Nature and origins of HIV
Thus the origin and nature of the virus primarily determined the character of the African epidemic. But it was shaped also by the multitude of circumstances in which it took place, many of them with roots far back in the past. No one of these was decisive; all must be incorporated into an explanation. The most fundamental was the demographic context. Before the twentieth century, Africa’s hostile disease environment, harsh physical and climactic conditions, and history of exploitation had made it an underpopulated continent. During the twentieth century medical and other innovations had removed many of these constraints and population had grown at increasing pace, perhaps multiplying six or seven times in the course of the century… It cannot have been entirely coincidental that HIV became epidemic at exactly the moment when demographic growth reached its peak… Later, in the 1990s, emerging areas of rural overpopulation and poverty, such as Malawi, would provide conditions for especially devastating epidemic impact. In both town and country, rapid demographic growth swelled in particular the numbers of young people who were especially vulnerable to HIV.
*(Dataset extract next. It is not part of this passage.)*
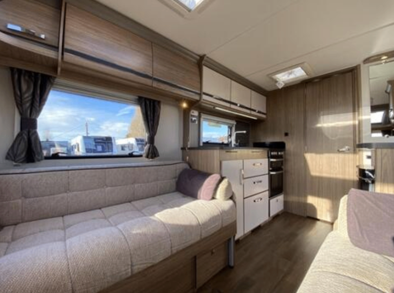 This is a lovely, luxurious and very comfortable 2-berth caravan, and is in immaculate condition. The bed can be made up as 2 (generous) singles or a large double.

That is from The African AIDS Epidemic: A History, by John Iliffe (2006). I’m curious if the demographers could point to an academic article that makes that argument (convincingly)…
Human population growth rate in percent, with negative zero percentage, including the variables of births, deaths, immigration, and emigration, as listed on CIA factbook (2006). Image from Wikipedia, shared under the GNU Free Documentation License.
Even if Iliffe is wrong about demography explaining the nature of HIV’s spread in Africa, the book is a solid introduction to AIDS in Africa, and I wish I would have included it in my course on responses to AIDS in Africa.